Exercise.
Consider the listing below. Extract exactly the lines from the line containing "방파제 아래의 낚시꾼들 모습이다." to the line containing "게시물이 숨겨지더라도 작성자는", both included.

Supplied material.
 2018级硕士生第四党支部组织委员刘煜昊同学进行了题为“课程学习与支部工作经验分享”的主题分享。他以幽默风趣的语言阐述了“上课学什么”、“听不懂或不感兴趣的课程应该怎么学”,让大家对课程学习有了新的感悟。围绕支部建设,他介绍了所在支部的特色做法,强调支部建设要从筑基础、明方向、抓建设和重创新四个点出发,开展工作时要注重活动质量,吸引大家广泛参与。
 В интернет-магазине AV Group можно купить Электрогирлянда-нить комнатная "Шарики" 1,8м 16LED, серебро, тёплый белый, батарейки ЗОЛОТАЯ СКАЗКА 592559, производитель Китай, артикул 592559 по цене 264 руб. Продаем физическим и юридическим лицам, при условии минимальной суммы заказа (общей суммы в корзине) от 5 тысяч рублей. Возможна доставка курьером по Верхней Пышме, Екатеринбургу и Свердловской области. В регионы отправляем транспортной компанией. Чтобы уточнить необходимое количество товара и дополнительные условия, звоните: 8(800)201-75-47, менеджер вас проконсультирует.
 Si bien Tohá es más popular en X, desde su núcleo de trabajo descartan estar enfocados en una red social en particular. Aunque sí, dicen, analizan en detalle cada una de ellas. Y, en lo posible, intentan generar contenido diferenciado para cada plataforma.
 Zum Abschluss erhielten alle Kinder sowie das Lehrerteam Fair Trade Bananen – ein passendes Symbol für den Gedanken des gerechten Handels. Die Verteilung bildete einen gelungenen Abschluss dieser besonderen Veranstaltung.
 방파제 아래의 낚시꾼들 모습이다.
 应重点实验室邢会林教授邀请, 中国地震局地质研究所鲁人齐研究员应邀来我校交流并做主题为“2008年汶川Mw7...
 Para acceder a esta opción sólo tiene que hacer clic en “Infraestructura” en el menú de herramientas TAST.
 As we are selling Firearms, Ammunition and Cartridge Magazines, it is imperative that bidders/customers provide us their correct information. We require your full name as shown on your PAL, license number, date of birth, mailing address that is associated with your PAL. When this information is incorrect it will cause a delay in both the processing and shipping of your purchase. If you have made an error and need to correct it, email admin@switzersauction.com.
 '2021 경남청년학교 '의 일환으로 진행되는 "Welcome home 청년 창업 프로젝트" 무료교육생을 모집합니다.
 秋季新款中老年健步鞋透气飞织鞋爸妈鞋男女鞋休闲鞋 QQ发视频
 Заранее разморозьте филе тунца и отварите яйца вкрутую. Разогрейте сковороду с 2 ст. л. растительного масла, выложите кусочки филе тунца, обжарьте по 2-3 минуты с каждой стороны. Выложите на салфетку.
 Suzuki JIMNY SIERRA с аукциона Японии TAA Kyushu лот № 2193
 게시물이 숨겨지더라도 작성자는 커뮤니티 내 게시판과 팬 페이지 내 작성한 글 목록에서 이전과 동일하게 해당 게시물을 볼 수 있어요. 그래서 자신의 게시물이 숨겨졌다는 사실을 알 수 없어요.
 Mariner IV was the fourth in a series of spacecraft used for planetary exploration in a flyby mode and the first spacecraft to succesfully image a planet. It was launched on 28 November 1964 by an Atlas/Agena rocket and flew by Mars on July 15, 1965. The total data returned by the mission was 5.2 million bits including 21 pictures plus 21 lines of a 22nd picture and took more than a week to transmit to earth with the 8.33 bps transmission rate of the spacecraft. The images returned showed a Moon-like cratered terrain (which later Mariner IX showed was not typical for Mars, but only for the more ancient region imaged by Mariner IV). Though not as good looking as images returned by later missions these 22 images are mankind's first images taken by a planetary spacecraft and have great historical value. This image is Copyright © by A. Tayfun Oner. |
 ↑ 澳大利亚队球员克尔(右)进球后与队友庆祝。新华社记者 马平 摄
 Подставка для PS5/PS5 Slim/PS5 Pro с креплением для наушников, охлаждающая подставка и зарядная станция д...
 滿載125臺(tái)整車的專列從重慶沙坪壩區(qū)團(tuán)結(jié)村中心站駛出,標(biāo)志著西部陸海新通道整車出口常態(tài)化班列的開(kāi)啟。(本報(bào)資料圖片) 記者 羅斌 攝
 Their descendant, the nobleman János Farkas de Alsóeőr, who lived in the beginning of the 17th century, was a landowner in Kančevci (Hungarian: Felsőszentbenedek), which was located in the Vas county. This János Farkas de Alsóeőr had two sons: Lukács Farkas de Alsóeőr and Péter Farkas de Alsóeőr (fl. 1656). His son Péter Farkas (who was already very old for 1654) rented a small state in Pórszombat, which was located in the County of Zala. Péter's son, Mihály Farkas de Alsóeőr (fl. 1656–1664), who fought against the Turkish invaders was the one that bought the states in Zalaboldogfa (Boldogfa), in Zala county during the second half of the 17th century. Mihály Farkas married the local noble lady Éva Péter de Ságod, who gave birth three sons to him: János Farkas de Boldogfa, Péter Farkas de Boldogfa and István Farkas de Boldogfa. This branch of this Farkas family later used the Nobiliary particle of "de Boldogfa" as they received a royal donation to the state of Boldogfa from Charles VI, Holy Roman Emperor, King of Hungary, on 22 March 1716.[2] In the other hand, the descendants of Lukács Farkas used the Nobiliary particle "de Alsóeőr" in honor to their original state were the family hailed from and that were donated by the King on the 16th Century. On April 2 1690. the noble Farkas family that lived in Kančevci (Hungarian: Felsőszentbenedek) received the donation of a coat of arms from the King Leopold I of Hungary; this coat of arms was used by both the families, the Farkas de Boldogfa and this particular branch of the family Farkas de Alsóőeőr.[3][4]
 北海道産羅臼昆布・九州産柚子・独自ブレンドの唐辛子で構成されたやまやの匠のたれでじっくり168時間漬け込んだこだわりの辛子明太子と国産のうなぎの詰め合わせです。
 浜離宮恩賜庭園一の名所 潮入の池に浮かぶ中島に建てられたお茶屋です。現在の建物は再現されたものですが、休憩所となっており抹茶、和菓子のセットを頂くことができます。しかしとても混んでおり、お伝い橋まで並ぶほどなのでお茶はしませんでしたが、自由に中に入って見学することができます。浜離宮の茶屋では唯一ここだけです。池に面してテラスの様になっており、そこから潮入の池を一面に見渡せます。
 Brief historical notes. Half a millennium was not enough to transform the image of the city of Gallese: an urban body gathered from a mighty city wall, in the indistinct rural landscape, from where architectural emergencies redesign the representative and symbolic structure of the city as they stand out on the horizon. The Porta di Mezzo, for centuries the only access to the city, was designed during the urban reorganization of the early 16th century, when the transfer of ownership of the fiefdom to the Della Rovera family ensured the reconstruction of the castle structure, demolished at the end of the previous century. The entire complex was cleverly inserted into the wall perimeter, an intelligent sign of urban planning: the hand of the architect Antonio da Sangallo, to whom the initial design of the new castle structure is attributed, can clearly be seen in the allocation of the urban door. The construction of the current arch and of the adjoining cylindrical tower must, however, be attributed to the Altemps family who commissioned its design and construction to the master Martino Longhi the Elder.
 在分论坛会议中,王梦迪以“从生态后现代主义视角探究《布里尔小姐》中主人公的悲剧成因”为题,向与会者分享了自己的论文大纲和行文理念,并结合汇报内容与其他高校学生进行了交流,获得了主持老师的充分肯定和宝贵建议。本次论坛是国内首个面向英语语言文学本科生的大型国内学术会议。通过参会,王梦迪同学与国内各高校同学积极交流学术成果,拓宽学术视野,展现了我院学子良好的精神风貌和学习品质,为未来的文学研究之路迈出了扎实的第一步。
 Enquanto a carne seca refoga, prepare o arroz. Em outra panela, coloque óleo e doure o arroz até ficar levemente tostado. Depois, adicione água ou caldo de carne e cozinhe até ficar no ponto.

Task response.
 방파제 아래의 낚시꾼들 모습이다.
 应重点实验室邢会林教授邀请, 中国地震局地质研究所鲁人齐研究员应邀来我校交流并做主题为“2008年汶川Mw7...
 Para acceder a esta opción sólo tiene que hacer clic en “Infraestructura” en el menú de herramientas TAST.
 As we are selling Firearms, Ammunition and Cartridge Magazines, it is imperative that bidders/customers provide us their correct information. We require your full name as shown on your PAL, license number, date of birth, mailing address that is associated with your PAL. When this information is incorrect it will cause a delay in both the processing and shipping of your purchase. If you have made an error and need to correct it, email admin@switzersauction.com.
 '2021 경남청년학교 '의 일환으로 진행되는 "Welcome home 청년 창업 프로젝트" 무료교육생을 모집합니다.
 秋季新款中老年健步鞋透气飞织鞋爸妈鞋男女鞋休闲鞋 QQ发视频
 Заранее разморозьте филе тунца и отварите яйца вкрутую. Разогрейте сковороду с 2 ст. л. растительного масла, выложите кусочки филе тунца, обжарьте по 2-3 минуты с каждой стороны. Выложите на салфетку.
 Suzuki JIMNY SIERRA с аукциона Японии TAA Kyushu лот № 2193
 게시물이 숨겨지더라도 작성자는 커뮤니티 내 게시판과 팬 페이지 내 작성한 글 목록에서 이전과 동일하게 해당 게시물을 볼 수 있어요. 그래서 자신의 게시물이 숨겨졌다는 사실을 알 수 없어요.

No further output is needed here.